二十話
ヴィクター様は私の前へとやってくると、不安げに大きくため息をつくと口を開いた。
「ココレットは……大丈夫だろうか?」
『あの弱虫が……予言の乙女など、嘘だと思いたい……』
妹の身を案じているのが伝わってきて、私はうなずくと不安を少しでも軽くできるようにと口を開いた。
「はい。ココレット様が頑張ってくれているおかげで、おおよそ対策をどのようにしていくかまとまってきています。その、ヴィクター様、顔が真っ青ですが、大丈夫ですか?」
ヴィクター様は私の手を掴むと言った。
「どうか、ココレットを頼む。あの子は、心も筋肉も弱い」
『もっと鍛えさせておくべきであった』
どうして最終的には筋肉の話になるのだろうかと思った時であった。
「エレノア? いる?」
アシェル殿下が私を追いかけてきたようで扉を開けて顔をのぞかせた。そして私の手がヴィクター様につかまれている様子に、笑顔のまま固まる。

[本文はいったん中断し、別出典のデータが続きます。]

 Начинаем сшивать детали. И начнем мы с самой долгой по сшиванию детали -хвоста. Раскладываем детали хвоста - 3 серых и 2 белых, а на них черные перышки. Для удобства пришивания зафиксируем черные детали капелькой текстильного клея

そして笑みを浮かべたままだけれど、すっと私とヴィクター様との間に割って入った。
笑みを消すと、落ち着いた口調であくまでも冷静に告げた。
「ヴィクター殿。令嬢の手を軽々しく握るものではありません。しかもこのような場所で。もう少し考えていただきたい」
『理由があろうと、こんな密室で、他者に見られていらぬ噂を立てられて困るのはエレノアだ。相手のことを考えてどうして行動しないんだ』
その言葉に、私も軽率だったなと思うと、ヴィクター様はショックを受けたように顔を歪めて、それから唇を噛むのが見えた。

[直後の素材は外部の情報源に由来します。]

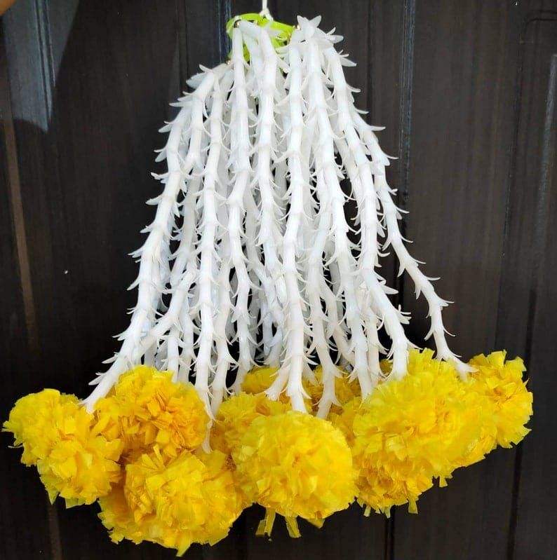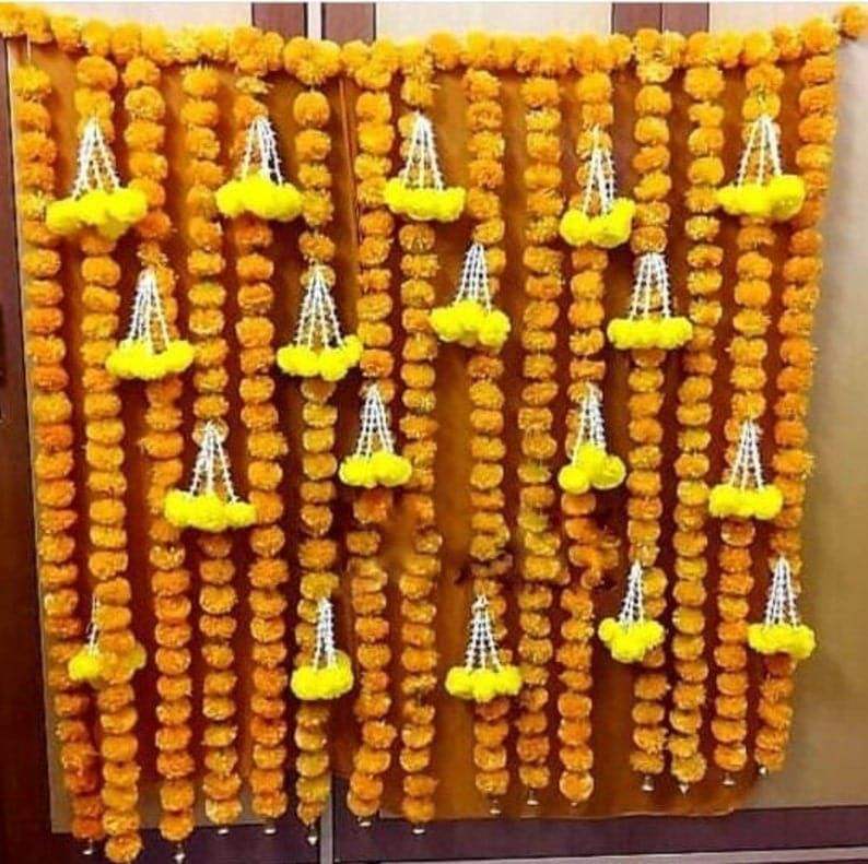 แพ็คของ10พวงมารีโกลด์พู่สำหรับตกแต่งเวที rajnigandha latindian ดอกไม้อินเดียตกแต่ง haldi ประดับพู่

顔に出すぎではないだろうかと思うと、ヴィクター様は言った。
「申し訳ない。つい、妹が心配なあまり軽率な行動を取ってしまった。申し訳ない」
『憧れのアシェル殿に、注意された! っくぅ。筋肉修業が足りなかった。完璧な王子であるアシェル殿の足元にも俺は及ばないのか』
「わかってくれればいいのです。ここからは忙しくなります。ヴィクター殿は古竜の対応へ参加するのでしょう? 私もおおよその割り振りが終わればそちらへ参加する予定です。サラン王国の周辺には噴火する火山はないようだったので」
『ヴィクター殿がどのような人物なのか、未だにつかめないなぁ。むぅ。エレノア。大丈夫? 彼は、君に好意を寄せて、言い寄っていたわけではないんだよね?』
その言葉に私は小さくうなずいて見せた。
どちらかというとヴィクター様が言い寄りたい相手はアシェル殿下の方だと言ってもいいのだろうかと悩む。
ヴィクター様の恋心に、私が介入してはいけないだろう。
アシェル殿下を渡す気はないけれど、それでも人の恋心をどうこう出来るものでもしていいものでもない。
その人の気持ちはその人だけのものだ。
私だって、アシェル殿下のことが好きだから、ヴィクター様の好きな人と喋りたいとか、一緒にいたいという気持ちはよくわかる。
ヴィクター様はアシェル殿下の言葉に瞳を輝かせた。
「つまり、共闘できるということか! はははっ! 嬉しい限りだ。アシェル殿。どうぞよろしく頼む!」
『共闘! 筋肉のぶつけあい!』
ただ、筋肉については共感は出来なかった。
「あと、その、アシェル殿。よければこの戦いが終わった後、一緒に、出掛けたりしたいのだが……」
『アシェル殿と会える機会など中々ない! この機会を逃したくはない』
「え?」
『分からない。え? ヴィクター殿は一体何を考えているの? え? わかんないよ!』
心の中で大混乱するアシェル殿下にヴィクター様は一歩詰めると、少し鼻息荒く言った。
「長らく会えなかった友と、是非語らい合いたいのだ!」
『アシェル殿! この燃え滾る俺の想いを聞いてほしい!』
私は二人きりは絶対にダメだと思い、アシェル殿下の腕をぎゅっと抱き込むと声をあげた。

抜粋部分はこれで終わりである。